• Excerpted records:
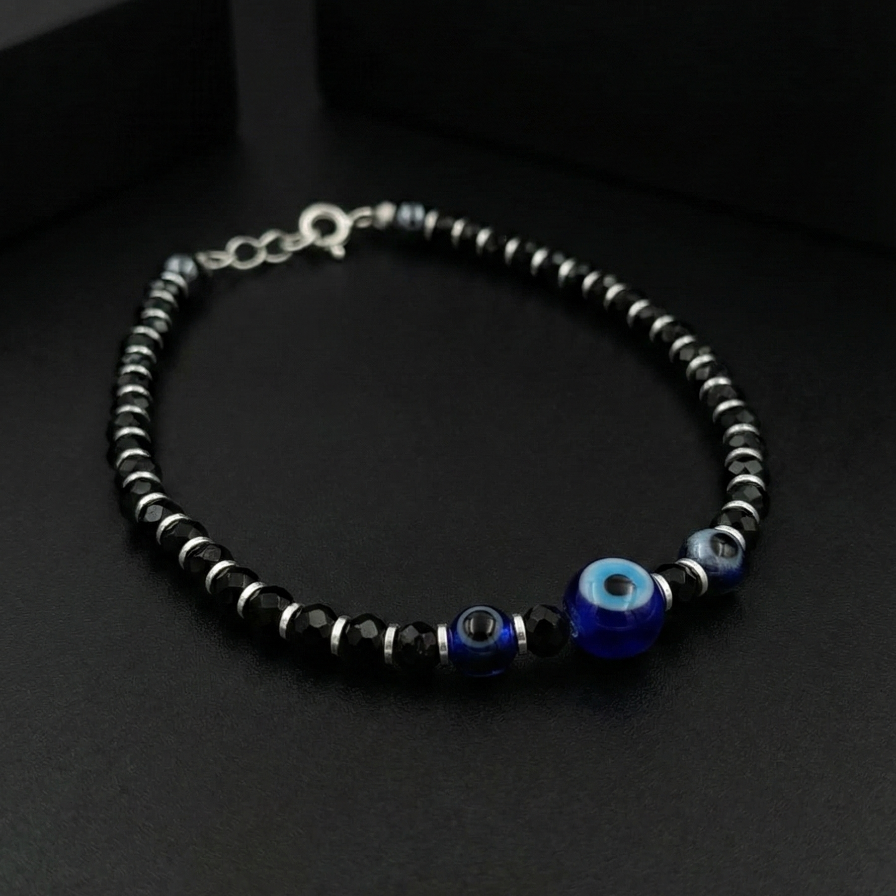Elevate your wrist with this refined sterling silver bracelet, where lustrous black onyx beads meet the protective symbolism of a striking blue evil eye charm. Meticulously crafted with 925 sterling silver components, the piece features hematite accents that add subtle depth and grounding energy. The secure spring ring clasp ensures reliable wear for daily elegance or special occasions. A sophisticated blend of natural gemstones and meaningful design, this bracelet seamlessly transitions from casual to formal settings while making a thoughtful statement about intention and style.
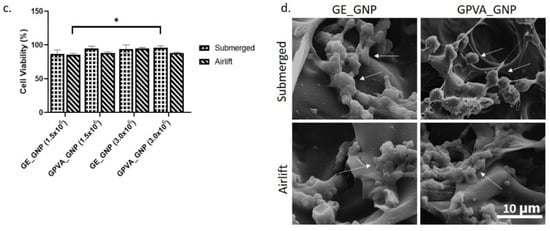 The cellular compatibility of the scaffolds with human dermal fibroblasts. (a) Live/Dead assay of HDFs for 1.5 × 106 of cell density. (b) Live/Dead assay of HDFs for 3.0 × 106 of cell density. (c) Cell viability of HDFs for 1.5 × 106 and 3.0 × 106 of cell density under submerged and air-lifting cultivation model. (d) HDF morphology encapsulated in the hydrogels (arrow pointed) observed using scanning electron microscopy (SEM) under submerged and air-lifting cultivation model (10× magnification). * indicates p < 0.05.
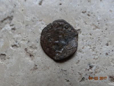 Voici une petite monnaie trouvée hier après midi dans un bois qui n'en était pas un auparavant . Pouvez vous me dater cette pièce svp . Le diamètre est de 15mm et le poid 0,63g. Il me semble voir trois lettres en bas à droite 'omo' mais pas sur. D'avance merci et bonne detect !!!!
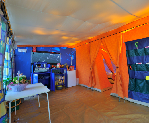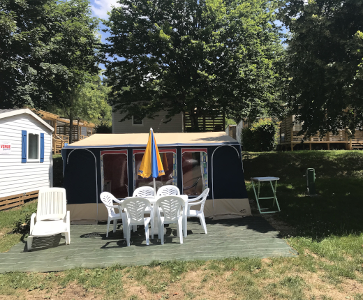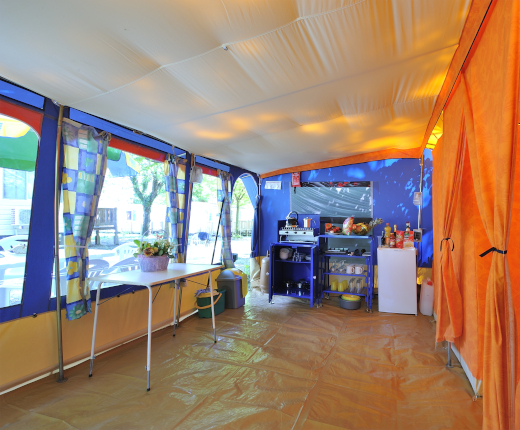 Modern design and made of an excellent mix of natural and synthetic fibres. The Espace Tent is robust against the elements whilst being light and modern. The three doors allow ease of access and the four windows, kitchen and rear tent ventilation make the interior light and airy.
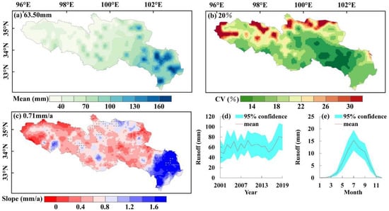 Figure 12a shows the spatial distribution, uncertainty, and change trend of runoff simulated by OBIPP across the SRYR. The annual average runoff depth across the SRYR presents a spatial distribution similar to precipitation, showing an increasing spatial pattern from northwest to southeast, from more than 160 mm to less than 40 mm. The uncertainty of runoff depth is mainly concentrated in the northwest of the SRYR, with a variation coefficient of more than 20% (Figure 12b). During 2001–2019, the average runoff depth across the SRYR was 63.50 mm, with a fluctuation interval (95% confidence interval) of 42–84 mm; The runoff depth generally shows an increasing trend, about 0.71 mm/a, while the runoff depth in the southeast increases with a trend of more than 1.6 mm/a (Figure 12c,d). The runoff depth across the SRYR is similar to the precipitation, with noticeable seasonal differences. The high value of runoff depth is concentrated in summer. The average runoff depth from May to September is higher than 11 mm/month, while the average runoff depth from October to April is lower than 2 mm/month (Figure 12e).

• Directions:
Between and including the line above that contains "Voici une petite" and the line that contains "Modern design and", restate every line word for word. Pictures stay out.

• Response below:
 Voici une petite monnaie trouvée hier après midi dans un bois qui n'en était pas un auparavant . Pouvez vous me dater cette pièce svp . Le diamètre est de 15mm et le poid 0,63g. Il me semble voir trois lettres en bas à droite 'omo' mais pas sur. D'avance merci et bonne detect !!!!
 Modern design and made of an excellent mix of natural and synthetic fibres. The Espace Tent is robust against the elements whilst being light and modern. The three doors allow ease of access and the four windows, kitchen and rear tent ventilation make the interior light and airy.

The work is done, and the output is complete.